Wolf tells Billboard.com that his as-yet-untitled album, his first since "Sleepless" in 2002, will be out "sometime during the summer" on a Universal Music Group label. He's been recording in New York and Boston and recruited guests such as Merle Haggard, Shelby Lynn, Neko Case and Larry Campbell (Bob Dylan, Elvis Costello, Emmylou Harris).

"It's been a lot of hard work, but it's seeming worthwhile," says Wolf, who produced the album. "There's a lot of meat and potatoes, some songs on there that are great, emotionally close to me. It's heart-felt type of music; it's just country, honky-tonk, hillbilly, R&B, blues, rock -- it all kind of gets whisked around, because I love it all. It's got the Woofa Goofa Mama Twofer seal of excitement."

Wolf says he's recorded "a bunch" of songs for the project but expects 13 to be on the final track list. And for now he's being circumspect about song titles and lyrical subjects.

"The songs kind of speak for themselves, and I'd rather they do that," he explains. "You can sort of go on about the content of a song or the meaning of a song, but unless someone is familiar with it...For me as a fan of music, it doesn't mean much until I've heard it, so I'm gonna wait for that to happen with these (songs)."

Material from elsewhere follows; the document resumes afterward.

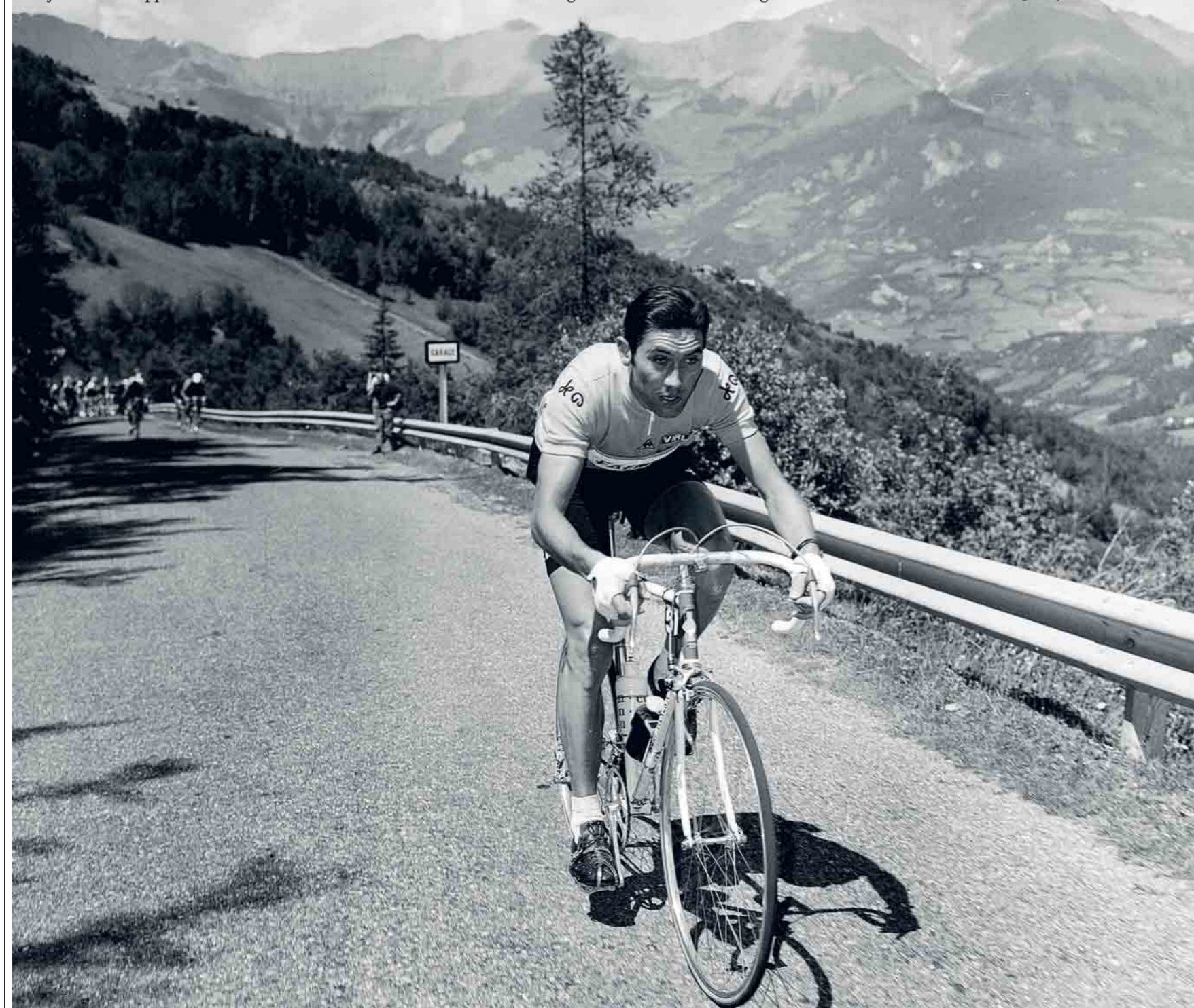
Eddy Merckx op weg naar de zege in de Tour van 1969.

MERCKXISSIMO kost 45 euro en is vanaf 28 april te koop in de boekhandel. De boeken kunnen ook besteld worden via de webshop van www.uitgeverijkannibaal.be

Wolf -- who was on the road with Kid Rock's Rock N Roll Revival Tour in 2008 -- says he plans to tour in support of the album as well, mostly in "intimate venues" in key cities. "I'm looking forward to getting out on the highways and byways and playing a whole retrospective of a lot of that (solo) stuff," he says.

Before that happens, however, Wolf will revisit his Geils past on April 24-25, when the group reunites for a pair of concerts in its "adopted home town" of Detroit. There are "no plans" for any further Geils projects, but Wolf says the shows will help a bit to set up the new album's release.

"The Geils shows are exciting," he acknowledges. "They are a part of my life that I love and that I treat with great respect. But the (solo work) also is another part of my life that I also treat with great respect. As a musician I feel honored and value that I have different palettes and different things to choose from. It's the totality of it all that makes it exciting for me and keeps me going and motivates me and still keeps me a hard-driving man."